Stock option grants are typically awarded pursuant to a defined stock option plan that has been approved by the company’s board and its shareholders. The relevant stock option plan will generally describe the terms upon which options are to be granted, including often defining when the grant date occurs and how the exercise or strike price is determined on that grant date.
Stock option grants are generally approved by a company’s board of directors. However, it is not uncommon for the board to delegate its authority to a committee of directors, usually the compensation committee, or even to management. With regard to the specific grant type (officer, director, new hire, and so on), it is important that you understand who had the authority to approve such grants.

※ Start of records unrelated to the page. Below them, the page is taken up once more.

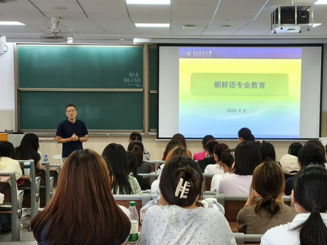 为帮助2024级新生尽快适应大学学习生活,引导员工致力专业学习,9月8日,2026世界杯官网于平度校区开展2024级新生专业教育讲座和第一次主题班会。英语系主任徐玉凤、朝鲜语系主任李天择、日语系主任万礼担任专业讲座主讲,2024级各班新生班主任及班主任助理参加主题班会。
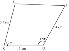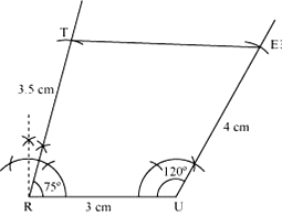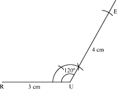 (a) Draw a line segment RU of 3 cm and also an angle of 120° at point U
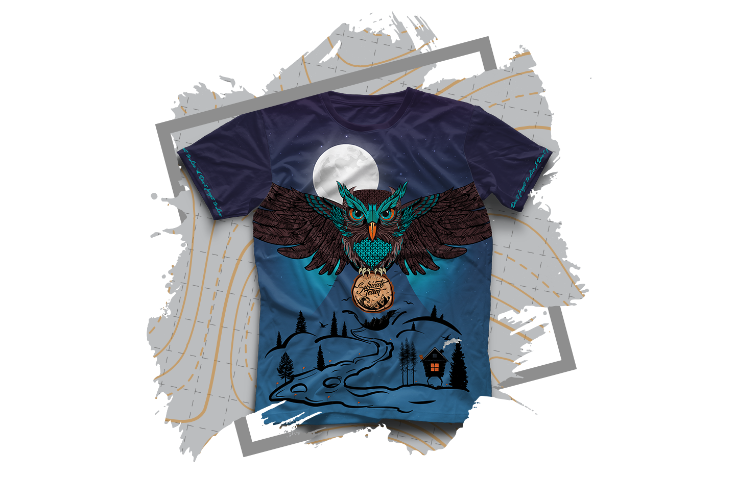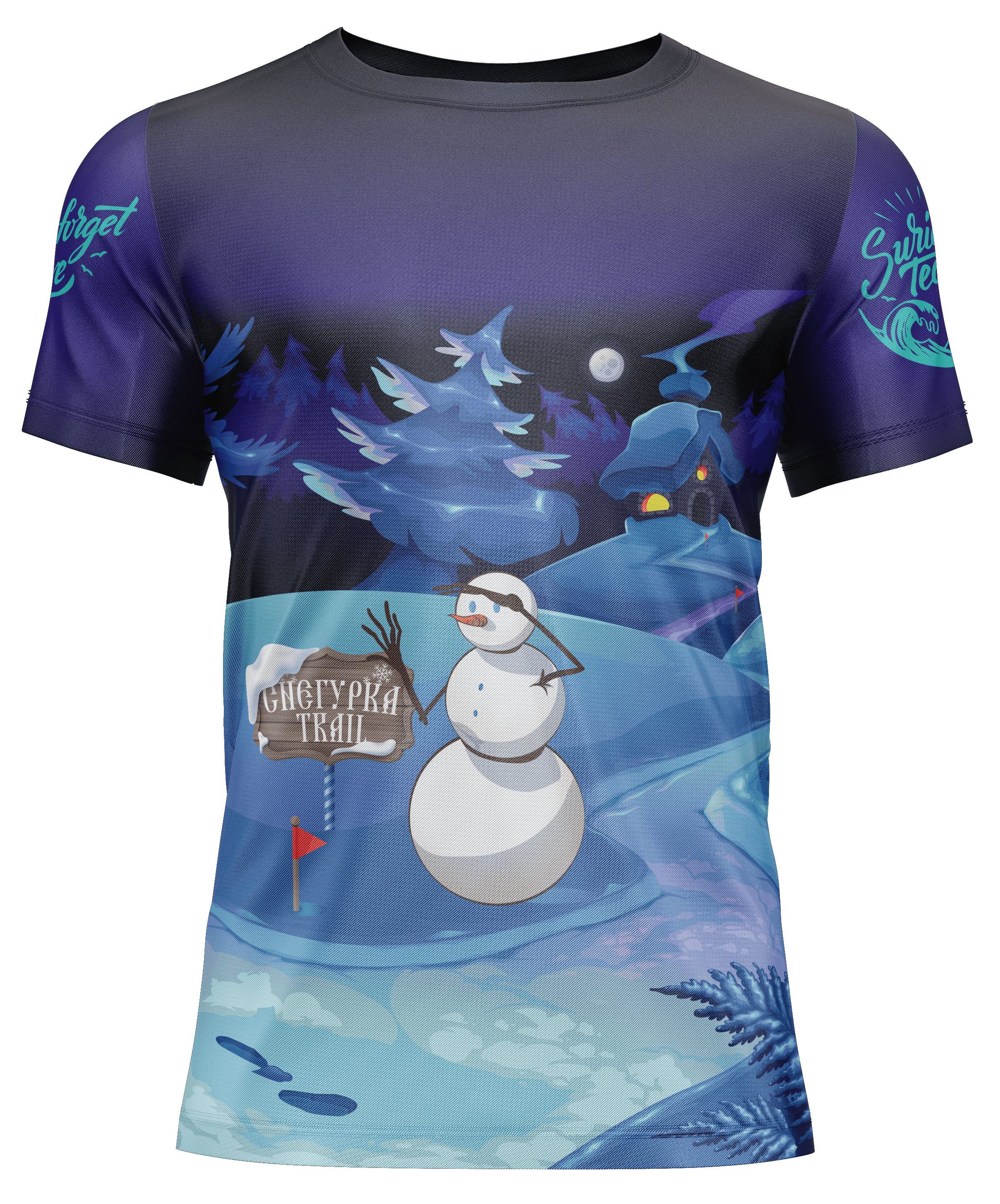 Наконец-то по футболке можно будет определить от какого вида спорта вы без ума. Да-да наконец фирменная футболка трейлранера – все как положено номер на груди, рюкзак-жилетка на плечах, все это дополнено ярким пейзажем царства водяного и удивительной нарисованной колбой с живой и мертвой водой.
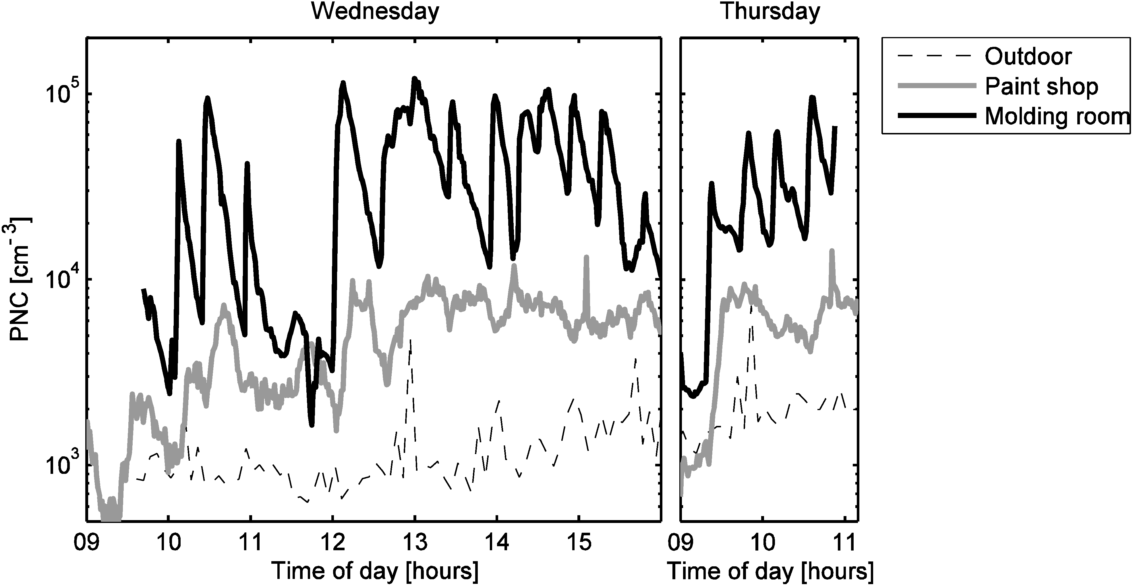 Particle number concentrations in the molding room, in the paint shop, and outdoors.
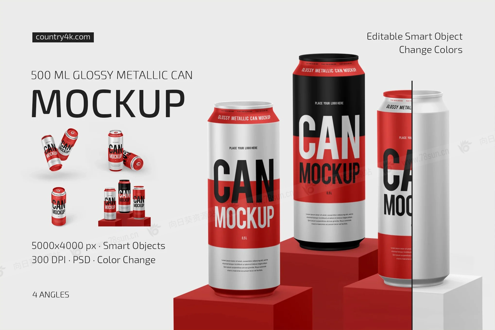500ml亮面金属啤酒罐品牌VI效果图展示智能贴图psd设计样机,展示您的徽标、品牌等。毕竟,它们是以高分辨率制作的。智能对象可以节省大量时间。只需点击智能对象几次,添加您自己的图形并保存结果。文件具有良好的图层结构,分为多个文件夹。

In addition, certain types of stock option grants are discretionary and occur at random or infrequent intervals, while others are specifically planned to occur at certain points in time (such as the beginning of a quarter, last business day of the year, and so on). Obviously, option grants that have defined dates for being approved and granted preclude the idea of backdating to a more preferable date.

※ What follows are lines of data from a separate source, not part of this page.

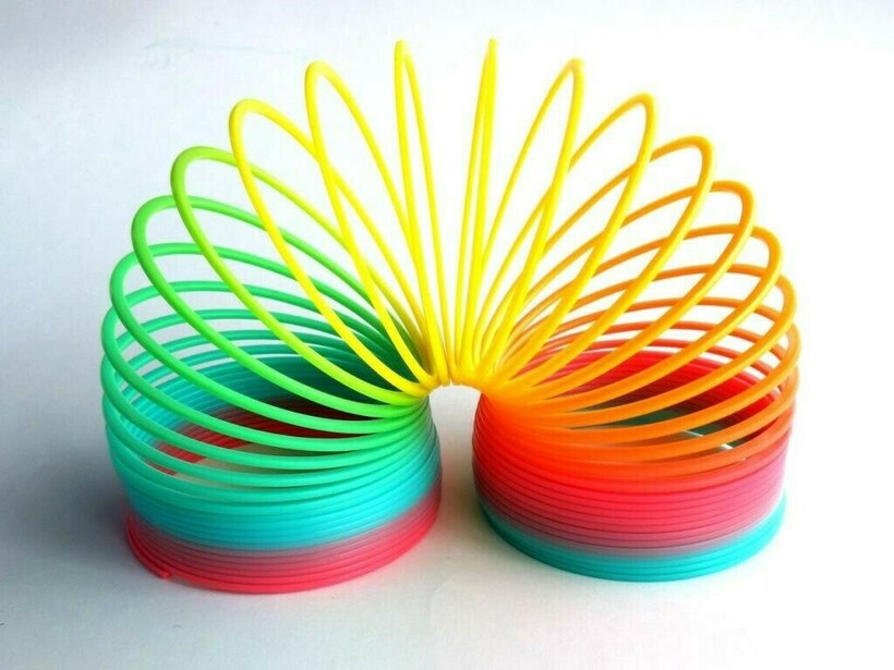 Ее создали в США в 1943 году. Это была прочная стальная пружина, которая занимала всех людей тем, что самостоятельно «спускалась» по лестнице. Но это был лишь один трюк пружинки из многих. В Россию же она пришла в виде пластиковой игрушки с радужным окрасом, который надолго сохранился в памяти.
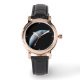 Uhr, Klassische Damenuhr mit schwarzen Lederarmband
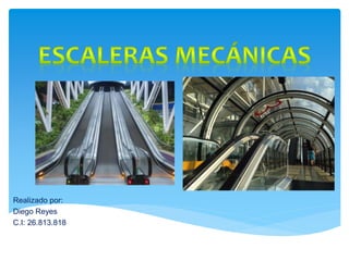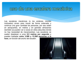 El documento describe las partes principales de una escalera mecánica, incluyendo los peldaños, la caja estructural, las unidades motrices, las cadenas y ruedas dentadas que impulsan el movimiento, y los pasamanos móviles. Explica que las escaleras mecánicas se usan para transportar grandes cantidades de personas de forma ordenada y continua en lugares como aeropuertos y estaciones de metro, moviendo los peldaños a una velocidad de aproximadamente 0.5 metros por segundo.
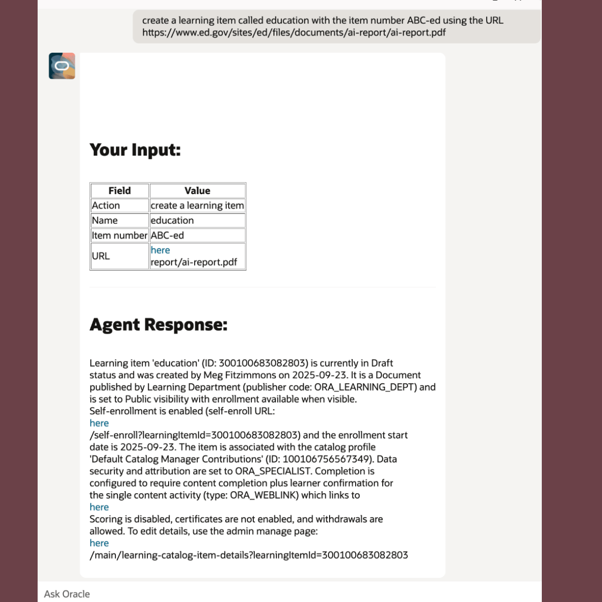๐ Learning Catalog > Create > Learning with Ask Oracle

In summary, the key question with regard to the potential for backdated stock option grants is whether an individual or group of individuals determined that stock option grants were to be awarded on one date but decided to “look back” to a different date when the company’s stock price was lower to provide some benefit to those who received the option grants. During the course of investigations into these matters, various other schemes or improper practices can be identified in addition to the simple question of backdating, but the primary questions remain: Were the options granted in accordance with the company’s stock option plan? Was the grant date the date when all the required granting actions and approvals had been completed and the exercise price was known?
What to Look For
Start with any contemporaneous evidence that may exist surrounding the stock option granting and approval process. Stock option approvals are typically evidenced by board or compensation committee meeting minutes or other documents executed by directors and known as unanimous written consents (UWCs) that are used in between scheduled board and committee meetings. However, questions often exist as to the veracity of certain board minutes or other documented evidence of decisions when the timing of option grants appears fortuitous. In such situations, additional investigation with the assistance of computer forensics specialists is often required to identify the existence of various contemporaneous documents prepared in support of the option grants, including when the documents were prepared and by whom, if they were modified and when, and when they were sent to others for review and approval. In more egregious situations, concerns can be raised as to the falsification of documents to support a grant date different from the original. The following areas have required detailed review in a number of our stock option backdating investigations.
Detecting Modification of Documents
Computer forensics will be called upon in these investigations for one primary purpose: to determine whether the documentation and timing around stock option grants were on the up and up or if things were changed after the fact. The core skills needed to perform such an investigation are the same ones we have discussed throughout the book: Looking at the metadata, seeing how the file changed over time, and comparing versions to see what was added and removed.
What to Look For
Again, these are techniques that have been largely discussed previously. However, you have some advantages due to the scale and timeframe of these investigations. Generally these investigations span large periods of time, and you will have access to many years’ worth of backup tapes. Since the files you will review are company records, more often than not they will be backed up on tape. Make sure that you not only perform the review on the document you are asked to look at, but also look to the backup tapes to see if the document exists on any earlier backups. For instance, if a grant was made in April 2004, and the tape backups show that the file changed size and content in June 2004, that can be a big indicator that backdating may have occurred. Create a report showing when the document was modified and what was taken out/added and work with the financial investigators to determine the importance. They can also help point you toward other supporting documents that may need to be reviewed as well, based upon the information you have provided.
CHAPTER 20
CORPORATE FRAUD
Much has been made lately of identity theft, bot-nets, and good, old-fashioned malicious hacking. Increasing globalization and the spread of capitalism has brought about a new day in malicious hacking, where threats no longer involve the kid in the basement, but organized, multinational corporations and crime syndicates that have one goal in mind: to use technology to defraud the western society. Many books have been written on the art of incident response and how to investigate these attacks. The purpose of this chapter is not to reiterate what those books discuss, but to look at the issue from the perspective of a computer forensics examiner to see what additional information you can gather by adding proper computer forensic techniques to the arsenal of weapons used to combat malicious hackers. That being said, let’s start with a historical perspective on where these groups came from and what kind of methods they typically use.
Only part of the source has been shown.